**Exercise inputs**:

------------------------------------------------------------

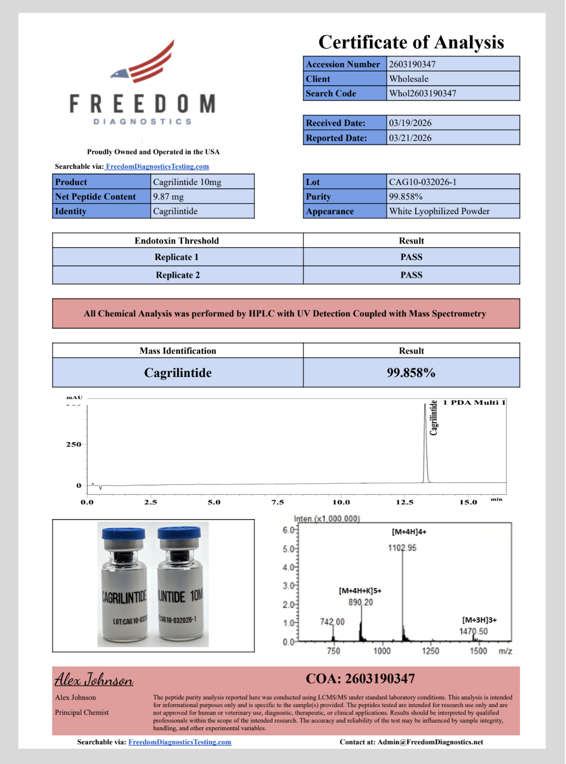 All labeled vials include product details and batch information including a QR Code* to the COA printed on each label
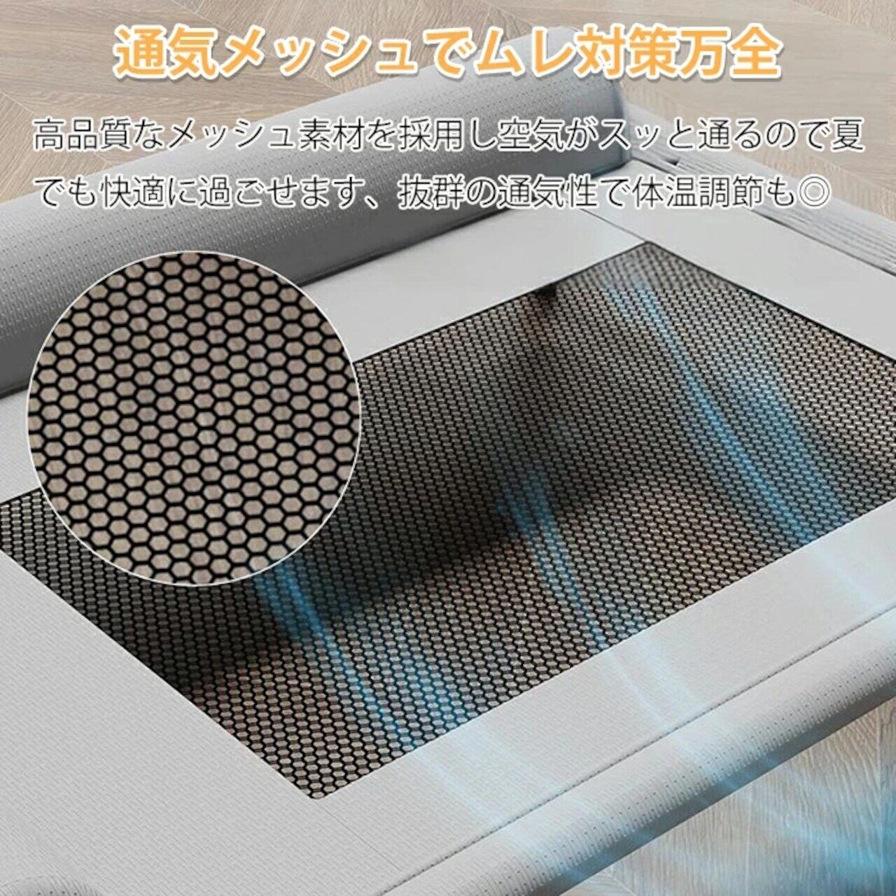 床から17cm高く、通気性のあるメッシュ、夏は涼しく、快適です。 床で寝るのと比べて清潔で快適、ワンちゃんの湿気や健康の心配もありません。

------------------------------------------------------------

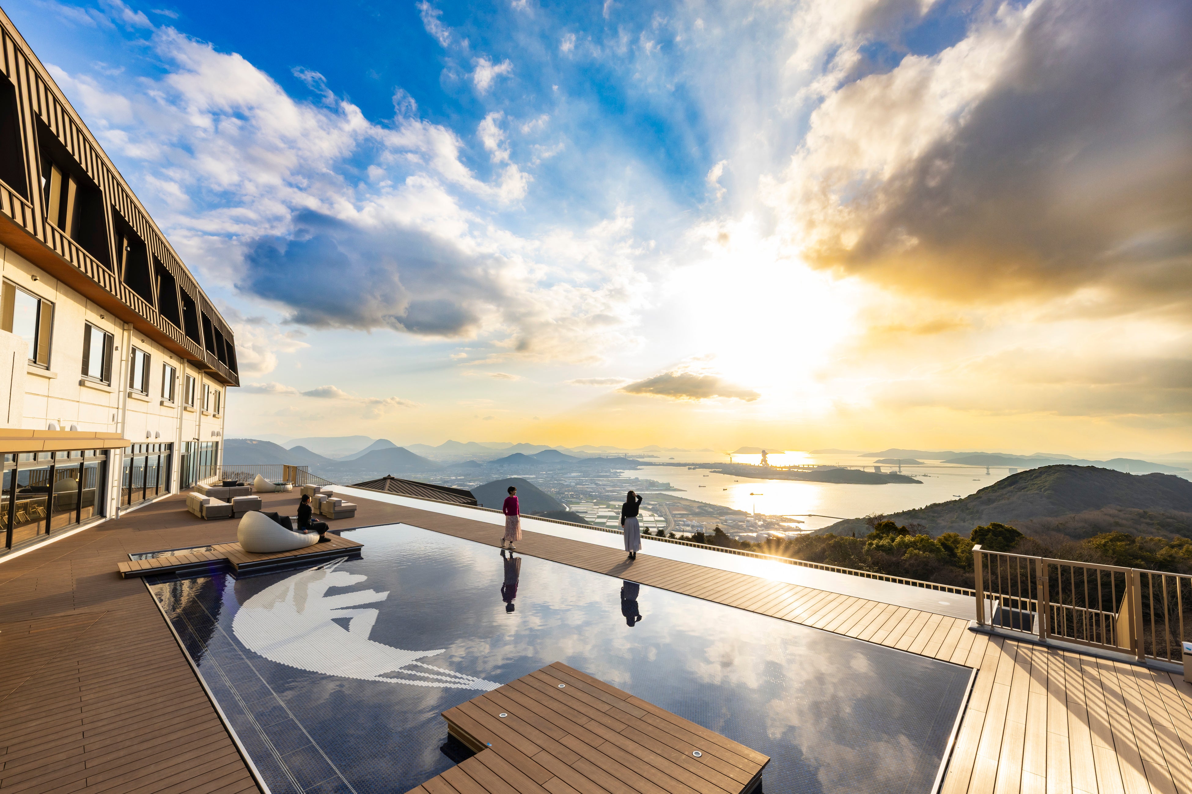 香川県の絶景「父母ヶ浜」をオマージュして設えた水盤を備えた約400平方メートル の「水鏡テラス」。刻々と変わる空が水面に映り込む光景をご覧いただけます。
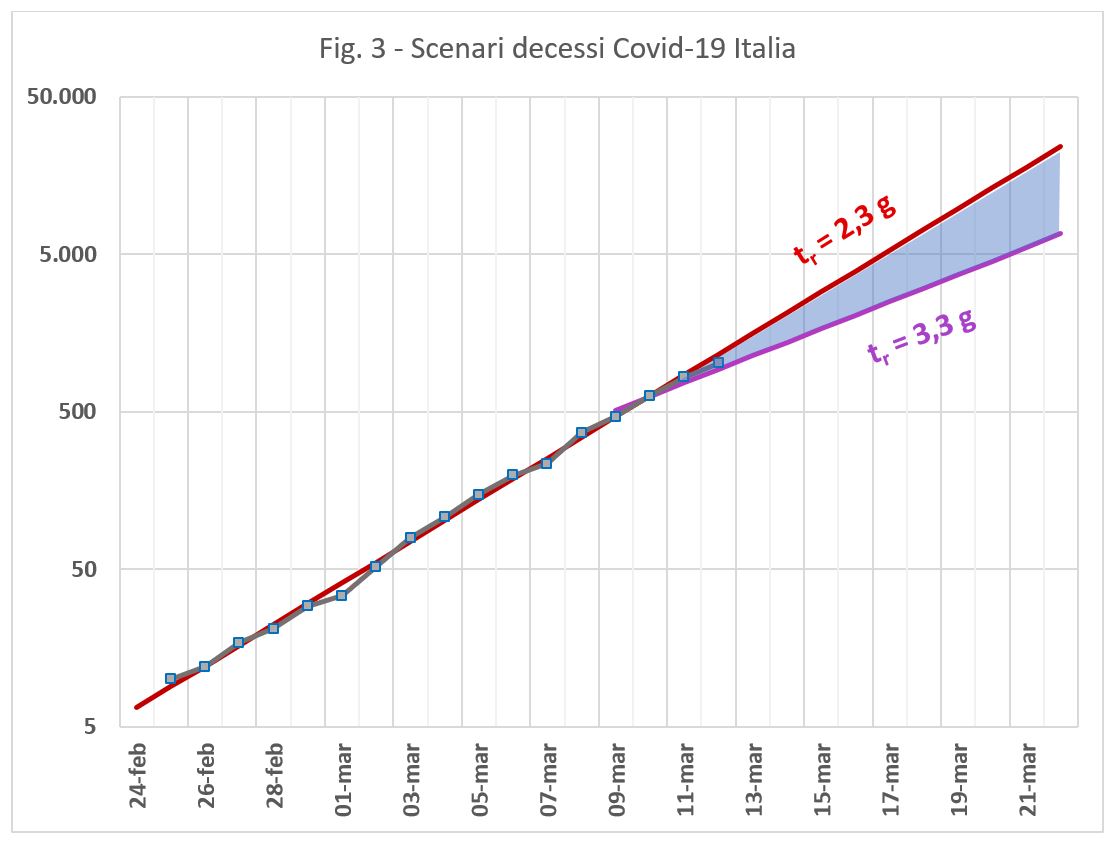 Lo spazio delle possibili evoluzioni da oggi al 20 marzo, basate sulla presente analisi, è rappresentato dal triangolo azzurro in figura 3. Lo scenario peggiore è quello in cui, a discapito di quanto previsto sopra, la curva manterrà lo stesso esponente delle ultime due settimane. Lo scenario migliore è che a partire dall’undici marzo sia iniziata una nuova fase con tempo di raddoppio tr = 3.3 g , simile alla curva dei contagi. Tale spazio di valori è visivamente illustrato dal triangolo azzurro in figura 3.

------------------------------------------------------------

**What you need to do**: Please print the lines above word for word, starting at the one with "All labeled vials" and ending at the one with "床から17cm高く、通気性の", both included, and without any picture.

**Worked solution**:
 All labeled vials include product details and batch information including a QR Code* to the COA printed on each label
 床から17cm高く、通気性のあるメッシュ、夏は涼しく、快適です。 床で寝るのと比べて清潔で快適、ワンちゃんの湿気や健康の心配もありません。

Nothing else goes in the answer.